Folsom Forever
Written and Directed by Mark Jensen
(as Mike Skiff)
USA Premier: June 22, 2014 at the Frameline Film Festival
Documentary
72 min.
Review by Stephen O. Murray
September 22, 2015.
The title of Mike Skiff’s mosaic (narratorless) documentary about San Francisco’s Folsom Street Fair, Folsom Forever, is ironic both in that the film shows that the street fair began at a very specific time, 1984, and that the gay leather/kink neighborhood had mostly ceased to exist by then.
“South of Market” (SOMA), especially the northeastern part, has become much more residential and way more expensive than it was when the Redevelopment Agency condemned “blight” and tore down residential hotels where the Moscone Center and Yerba Buena Park were created.
During the1970s, seniors were displaced from SOMA, and during the 1980s many of both gay residents of SOMA and the gay leathermen who made the night-time neighborhood a center of leather and kink died.
The first fair was a neighborhood street fair that included gay leathermen but was not dominated by them: it was not a “leather festival.” As Gayle Rubin points out in the Frameline panel discussion that is the longest of the DVD’s supplemental features, it was after Drummer magazine moved to San Francisco and moved the “Mr. Drummer” contest to the Saturday evening before the Sunday fair (which led directly to there being a “Leather Week” drawing in leathermen from outside the San Francisco Bay Area) that the Folsom Street Fair became dominated by gay kink/leather.
Since then, as the scenes shot at the 2012 fair show, the crowds of straight attendees gawking at the “freaks” have dwarfed the numbers of those in some sense “coming home” to the mostly vanished Folsom neighborhood of the late-1970s.
As Gayle Rubin also notes, such nostalgia for a mostly vanished ethnic neighborhood typifies street fairs elsewhere in the U.S. That is, not just people who have left the neighborhood, but those nostalgic for a community they have not personally experienced is a common basis for many celebrations that are less flamboyant than the Folsom Street Fair spectacles.
Nor is the high ratio of spectators to participants uncommon (for instance, in Pride parades or in the tourist-drawing carnivals of Rio or New Orleans). Nor is the phenomenon of going with friends and not significantly mingling (or even talking with) others there and previously not known to the fairgoer. That is, copresence does not generally lead to interaction turning strangers into tricks, let alone into new buddies.
The documentary alternates history with scenes of recent spectacles. The bonus features separate out a panel discussion running nearly 40 minutes (in comparison to the film’s 72) about history (and political economy) with vignettes, including one with interviews of those performing at the fair (not only onstage) and one that just shows some of those with outlandish costumes or with a lot of exposed flesh. Though there are more shots of buttocks, the film and the bonus features include many cock shots and uncovered female breasts.
(No, there is not sex in the street at the Folsom Street Fair.
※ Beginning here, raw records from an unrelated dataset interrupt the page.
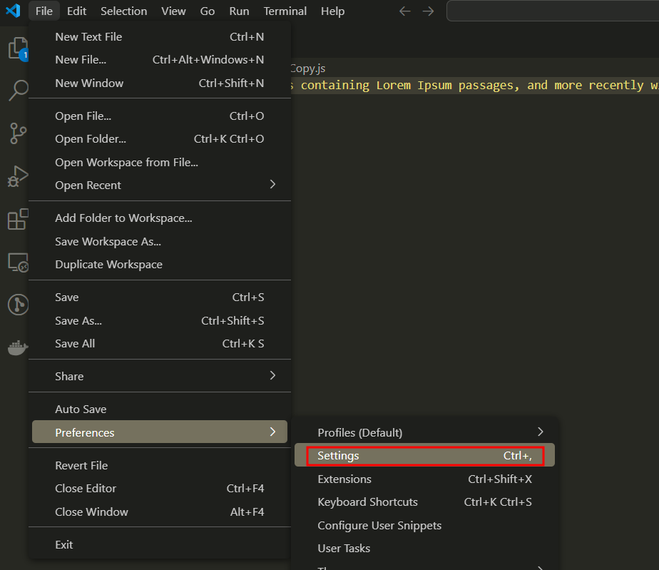 Windows+VSCode 기준으로 위 경로로 `Settings`에 들어가면 된다.
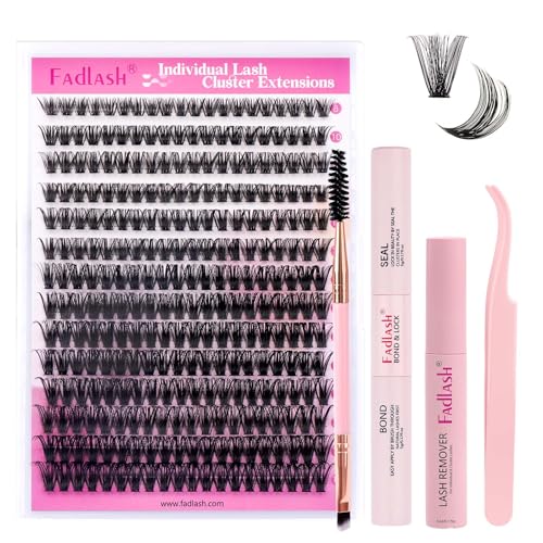 Fadlash Eyelash Extension Kit 0.07 D 8-16mm 200D Wispy Lashes Cluster Lashes Glue Bond And Seal With Tweezers&Eyebrow Brush Eyelash And Lash Adhesive Remover DIY At Home
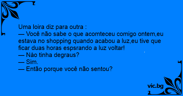 — Você não sabe o que acomteceu comigo ontem,eu estava no shopping quando acabou a luz,eu tive que ficar duas horas espsrando a luz voltar!
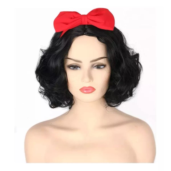 generic Peluca De Mujer Negra Corta Rizada Blanca Nieve Cosplayresi
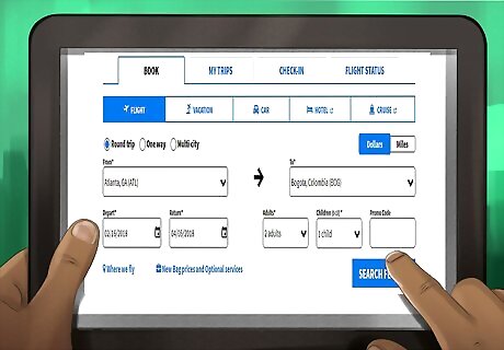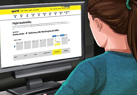 Select your departure and destination locations. Spirit only flies between select airports, which are provided for you in drop down menus. You will also want to include the dates you will be travelling and the number of people travelling with you. Once you search, a few different fare options will pop up. There may be a direct flight available, or you might have to choose a flight with a layover in a different city before continuing to your destination. Be sure to account for extra time in between flights if you select a flight with a layover, as Spirit experiences many delays.
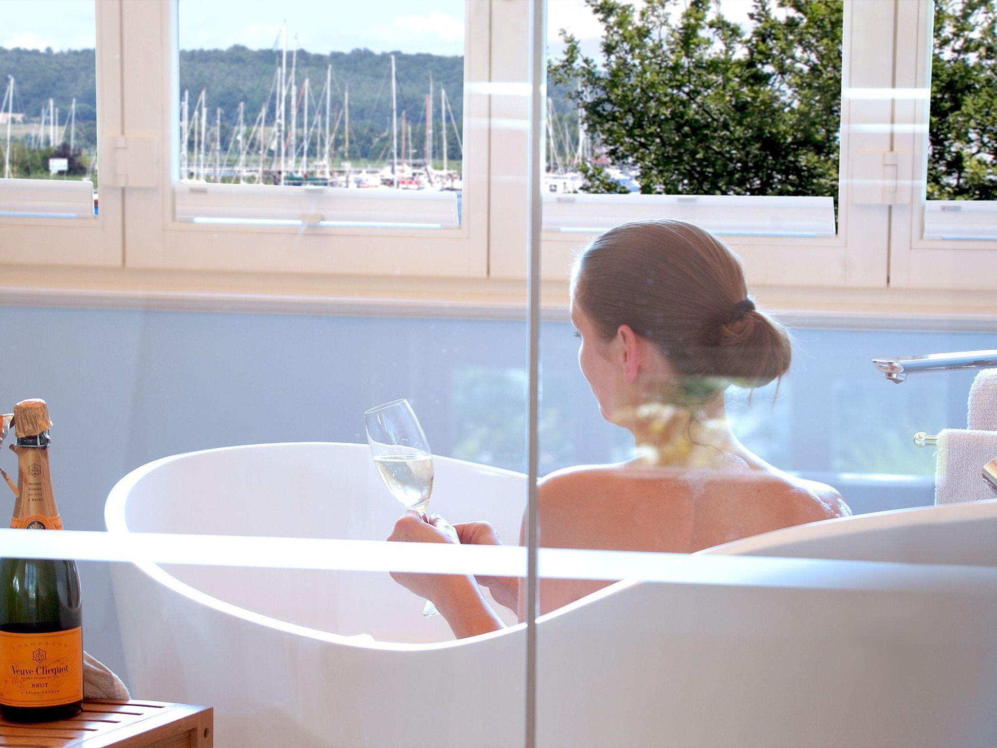 Das geflieste Bad ist durch eine Glasfront vom Schlafzimmer getrennt und verfügt über eine optisch extrem ansprechende, freistehende, englische Badewanne mit einem atemberaubenden Blick über die Lankener Bek in den Yachthafen von Seedorf mit den wundervollen Segelbooten. So kann man herrlich entspannen - unabhängig vom Wechsel der Jahreszeiten.
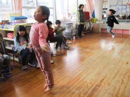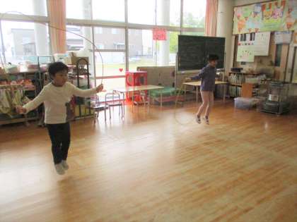 今日は「なわとび大会」でした。これまで、こつこつ練習をして跳べるようになった友達や、自分の最高記録を更新するために挑戦する友達とそれぞれが頑張って練習をしてきました。今日は朝から「絶対1位になりたい!」「やってやる!」と意気込んで登園し、すぐに練習を始めた子供たちです。
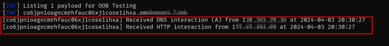 이후 Interactsh 서버쪽으로 DNS Query와 HTTP Response가 기록되는 것을 확인할 수 있다.
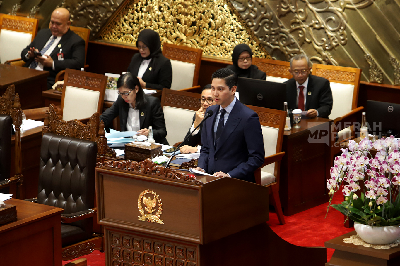 Rapat Paripurna DPR ke-21 Masa Persidangan V Tahun Sidang 2023-2024 membahas 11 agenda diantaranya Pengambilan Keputusan atas RUU tentang Perubahan Atas Undang-Undang Nomor 5 Tahun 1990 Tentang Konservasi Sumber Daya Alam Hayati (SDA) dan Ekosistemnya, Pengambilan Keputusan atas 26 RUU tentang Kabupaten/Kota, dan pendapat fraksi-fraksi terhadap Usul Hak Angket tentang Pengawasan Haji.
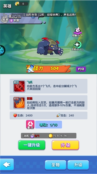 怒气技能:【狂怒】拍拍熊瞬间陷入狂怒状态,以暴风骤雨之势对前方敌人展开攻击,会连续发动5次攻击,每次攻击都将造成额外10%的伤害,且该攻击不占用普通攻击的次数。
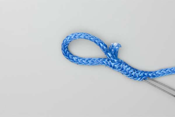 - Tuck the tapered tail into the tool and pull it through the rope.
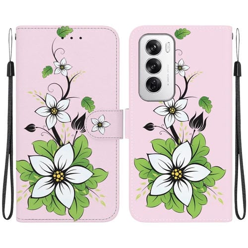 Para Oppo Reno12 5G Funda de Teléfono de Cuero con Dibujo Coloreado con Textura de Cristal Global (Lirio)
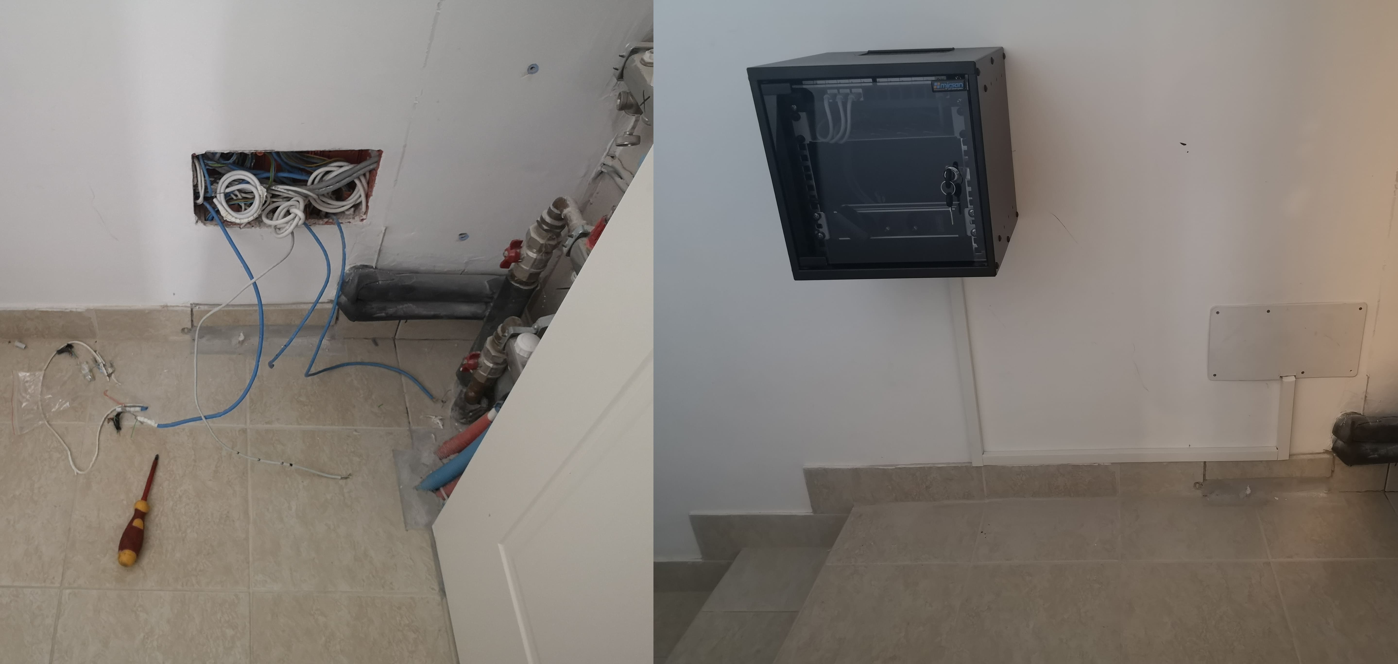 - Kábelezés (falban, kábelcsatornában, taposócsatornában, stb.)

The documentary strays to covering the controversy about nudity at the Castro Street Plaza and has way too much footage of San Francisco gay supervisor (for the Castro district; his district does not include SOMA) Scott Weiner.)
The Folsom Street Fair raises money for charities, though the documentary provides no information on how charities are chosen and the profits divvied up. Also, there is no representation of “old school” leathermen who regard putting on spectacles for straight gawkers as dubious. (Showing off domination/submission to others participating in the milieu predated the bondage chic that embraces entertaining nonparticipants, and the dismay from surviving old-school leathermen about ”playing at” b&d and/or s&m extends beyond that occurring at the Folsom Street Fair and “Up Your [Dore] Alley.”)
Folsom Forever does not tell viewers what to think, though implicitly advocating a “Let a Hundred Flowers Bloom” message of San Francisco as the homeland of tolerance, happily extending people who enjoy being led around (in varying degrees of undress) on leashes and trying out very public floggings. There is no question that there are many gleeful exhibitionists, but the celebratory documentary begs questions of tolerance or acceptance and of the role commitment or role distance of those delving into b&d and/or s&m on one late-September Sunday or more often.
Still, the film and the supplements both show and tell a lot.